This project implements a system for storing arbitrary binary data within a video stream. Here is the technical breakdown of the process.
The encoder treats a video frame as a grid of data "blocks".
Given a resolution (e.g., 1280x720) and a block_size (e.g., 16 pixels):
- The frame is divided into
(1280/16) * (720/16)blocks. - With a block size of 16, this creates an 80x45 grid, allowing for 3,600 bits (450 bytes) per frame.
- Each bit of binary data is mapped to a block.
- Bit 1: The entire block is filled with white pixels (value 255).
- Bit 0: The entire block is filled with black pixels (value 0).

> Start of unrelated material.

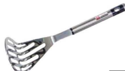
⑩ツヴィリング ポテトマッシャー L型 71 ページコード 商品コード 価格 39759 2-0497-1001 5568810 ¥2,200 外寸:幅80×全長240 材質:ステンレス
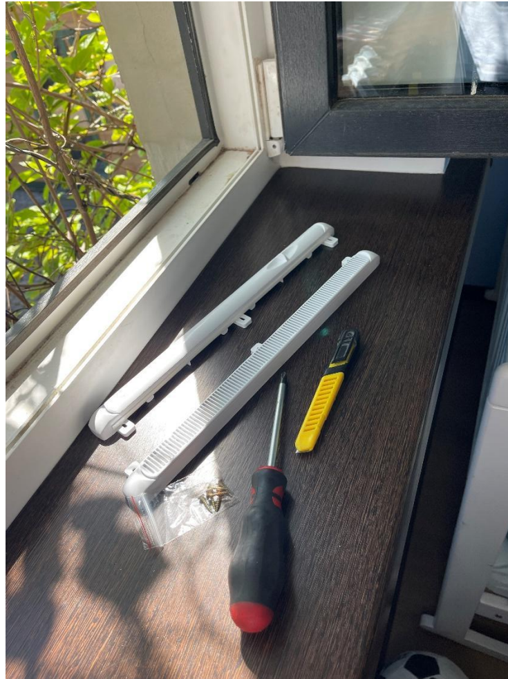
Solis 1 - Atvērt logu

To ensure the data can be reassembled correctly and verified, each frame includes a 16-byte header:
- Frame Index (4B): The sequence number of the frame.

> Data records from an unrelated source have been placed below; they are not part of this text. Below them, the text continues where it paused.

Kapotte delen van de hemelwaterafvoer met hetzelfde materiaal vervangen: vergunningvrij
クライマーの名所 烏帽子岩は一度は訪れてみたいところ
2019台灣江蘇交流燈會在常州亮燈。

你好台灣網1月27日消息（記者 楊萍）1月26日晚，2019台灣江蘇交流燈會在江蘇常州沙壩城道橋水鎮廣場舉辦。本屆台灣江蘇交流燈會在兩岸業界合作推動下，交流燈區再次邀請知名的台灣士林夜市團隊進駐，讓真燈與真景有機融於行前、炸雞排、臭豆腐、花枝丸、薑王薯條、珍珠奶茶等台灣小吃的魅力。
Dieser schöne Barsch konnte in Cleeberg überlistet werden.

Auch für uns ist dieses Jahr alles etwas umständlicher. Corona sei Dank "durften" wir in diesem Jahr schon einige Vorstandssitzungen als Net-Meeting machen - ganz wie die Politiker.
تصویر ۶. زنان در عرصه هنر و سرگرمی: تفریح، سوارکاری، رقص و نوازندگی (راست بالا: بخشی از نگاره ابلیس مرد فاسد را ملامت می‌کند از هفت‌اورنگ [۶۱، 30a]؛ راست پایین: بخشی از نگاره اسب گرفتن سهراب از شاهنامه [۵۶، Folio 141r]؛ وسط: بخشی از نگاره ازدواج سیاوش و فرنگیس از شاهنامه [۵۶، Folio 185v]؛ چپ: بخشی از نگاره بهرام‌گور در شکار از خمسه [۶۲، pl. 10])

- Total Frames (4B): The total number of frames in the sequence.
- Data Length (4B): The number of actual data bytes in this specific frame.

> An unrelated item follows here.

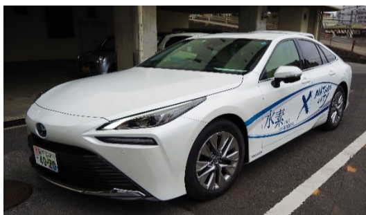
松戸市が導入している 燃料電池自動車

- CRC32 Checksum (4B): A checksum of the payload data for integrity verification.
The primary challenge of using YouTube is lossy compression. Platforms like YouTube use aggressive codecs (H.264, VP9, AV1) that discard high-frequency information to save space.
If we used 1x1 pixel blocks, video compression would blur the edges, making it impossible to distinguish between a 0 and a 1. By using larger blocks (16x16), we create redundancy. Even if the edges of the block are blurred or "artifacted," the center of the block remains clearly black or white.
The system can automatically choose an optimal block size based on the input file size when --block-size 0 is specified:
- Small files (<100KB): Uses 32px blocks for extreme robustness.
- Medium files: Uses 16px blocks (default).
- Large files (>10MB): Uses 8px blocks to maximize density.
During decoding, if --block-size 0 is passed, the decoder attempts to "probe" the first frame with various common block sizes (8, 16, 32, etc.) until it finds one that yields a valid header and passing CRC.
- When encoding locally, we use the FFV1 codec (lossless) or MP4V.
- When YouTube processes the video, it re-encodes it. The large block size ensures that the "signal" (the black/white blocks) survives this transformation.
The decoder reverses the mapping:
- It reads the video frame by frame.
- It samples the center pixel of each block using optimized NumPy grid sampling.
- If the pixel value is
> 128, it registers a1; otherwise, a0. - It parses the 12-byte header to identify the frame's position and payload size.
- Once all frames are collected, it reassembles them into the original binary file.
Encoding and decoding are CPU-intensive due to Reed-Solomon calculations and image processing. The system utilizes Python's ProcessPoolExecutor to distribute frame processing across all available CPU cores.
- Encoder: Generates multiple frames in parallel and writes them to the video stream in sequence.
- Decoder: Reads frames sequentially (as required by OpenCV) but offloads the grayscale conversion, sampling, and Reed-Solomon decoding to a pool of worker processes.
Instead of iterating through pixels with nested loops, the system uses NumPy's repeat and reshape functions for frame generation and advanced indexing for grid sampling, drastically reducing the overhead of processing high-resolution video frames.
Since the decoded file is just a stream of bytes, the restore_format.py script uses magic bytes (via the file utility) to identify what the original file extension was (e.g., .zip, .pdf, .mp4) and renames it accordingly.